Saturday, September 10, 2011

Retired general promises security in Guatemala vote (Reuters)

SOLOLA, Guatemala (Reuters) ? During Guatemala's civil war, Mayan weaver Mari Luisa Chiro was terrified of the soldiers who patrolled her small village. Now she says she wants the army back to crack down on criminals and drug traffickers spreading fear in the country's highlands.

Chiro, whose 15-year-old daughter was kidnapped last month and has not been seen since, plans to vote in this Sunday's presidential election for retired army general Otto Perez, who is promising an "iron fist" to fight spiraling crime.

Running for the right-wing Patriotic Party in his second bid for the presidency, Perez has a wide lead in polls, although he might not win the 50 percent of votes needed to avoid a run-off vote in November.

Perez, 60, commanded troops during the 1960-1996 civil war between government forces against leftist guerrillas, a conflict that killed nearly a quarter-million people, mostly Mayan. A U.N.-backed truth commission set up after the war found the army had committed hundreds of massacres.

"Yes, we are scared (of the military), but now things are worse than they were during the war," said Chiro, 42, wearing a traditionally embroidered outfit at a rally supporting Perez in the town of Solola west of the capital.

She backs Perez's plan to increase the national police force by 10,000 officers and add 2,500 soldiers to the army during his four-year presidential term.

Decades of military rule and internal conflict left Guatemala with weak institutions, and it has in the last few years become a key transit point for South American cocaine being smuggled north to Mexico and into the United States.

The government says Mexican drug cartels are now operating in wide swaths of Guatemala's territory, especially in the lawless region near the porous northern border with Mexico.

"December will mark 16 years since we signed the peace accords, but 16 years later, peace hasn't arrived," Perez said at the rally in Solola.

In May, the brutal Zetas cartel beheaded 27 Guatemalan farm workers in a village near the northern border with Mexico in the worst massacre since the country's civil war.

Adding to the chaos, street gangs known as "maras" regularly extort businesses in cities and towns and often kill those who don't pay.

DIVORCE NOT ENOUGH

Guatemala's ruling center-leftist UNE party was left with no candidate in the race -- giving Perez a boost -- when President Alvaro Colom's wife was barred from running under a rule preventing the president's relatives from seeking office.

A court blocked Sandra Torres' bid even after she had tearily filed for a divorce from Colom earlier this year in a failed attempt to side-step the rule.

Centrist congressman Manuel Baldizon is trying to snap up the votes that would have gone to Torres.

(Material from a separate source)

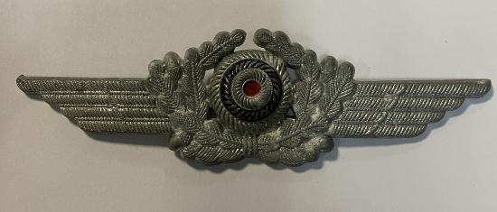 (Code: 2397) | |  Hand embroidered breast eagle in silver aluminium bullion threads on dark green wool base with backing cloth. Worn condition. |

A poll published on Thursday showed him in second place at just over 26 percent -- trailing Perez by more than 16 percentage points.

The next president will face enormous security challenges -- Guatemala's murder rate is seven times that of the United States -- and staggering inequality with more than half of the country's 15 million people living below the poverty line.

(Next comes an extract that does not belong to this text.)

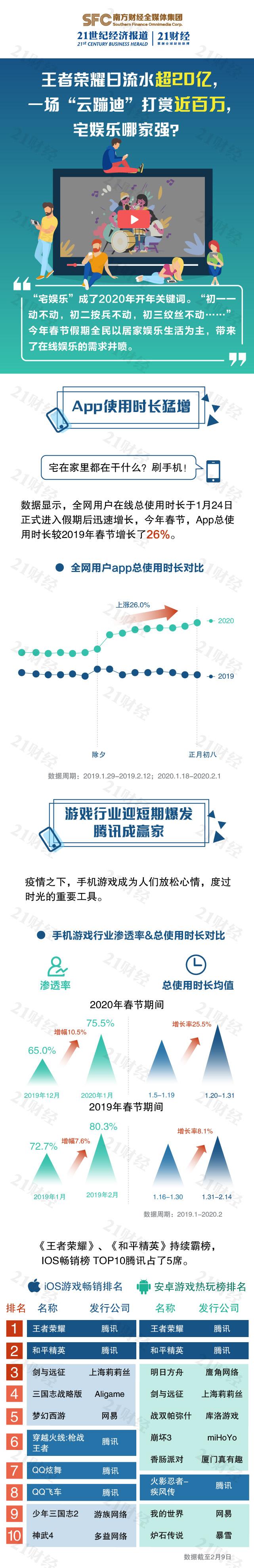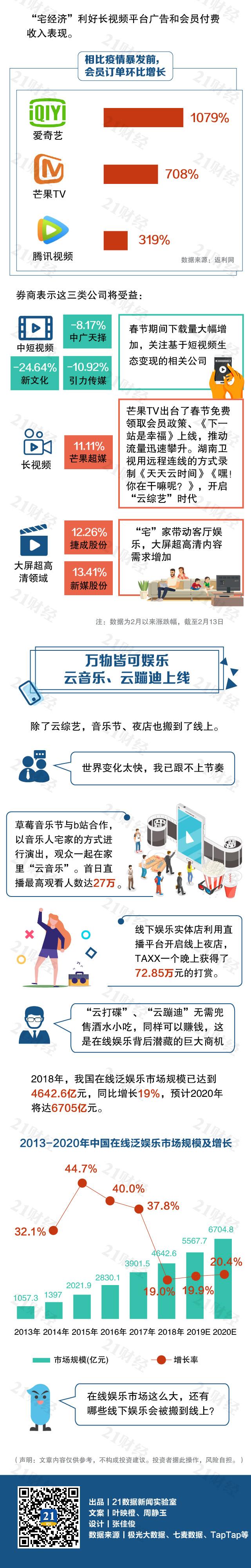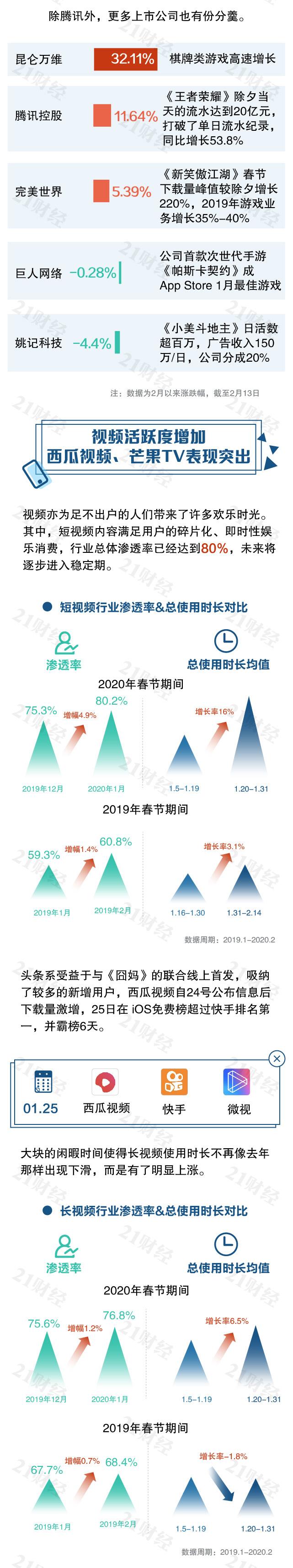 “宅娱乐”成了2020年开年关键词。游戏行业迎短期爆发,腾讯成赢家。2月以来,腾讯控股(00700.HK)涨幅11.64%。受益于棋牌游戏,昆仑万维(300418.SZ)2月以来涨幅32.11%。

A much-needed fiscal reform has been stalled by legislative deadlock for over a decade, leaving Guatemala with one of the lowest tax takes in the hemisphere at around 10 percent of gross domestic product.

Nearly $1 billion in taxes are evaded every year, largely by a powerful private sector reluctant to pay more.

Relying heavily on foreign donations to fund security initiatives, the coffee- and sugar-exporting country has come under pressure from Washington to boost its tax revenue.

"Businesses and the rich must pay their fair share of taxes and become full partners in a whole-of-society effort, since true security cannot be funded on the backs of the poor," U.S. Secretary of State Hillary Clinton said on a visit in June.

Perez has ruled out creating new taxes but could raise existing duties. He also told Reuters in an interview he wants to increase mining royalties from 1 to 10 percent, to draw more revenue from the country's gold and nickel mines.

Baldizon said he would eliminate the country's 12 percent sales tax in favor of a 5 percent flat tax and also supports an austerity plan that could shrink public institutions.

If none of the 10 candidates wins a majority on Sunday, a second round of voting between the top two will be held on November 6 and the new president will take office on January 14.

Voters will also elect legislators for Congress and mayors across the country.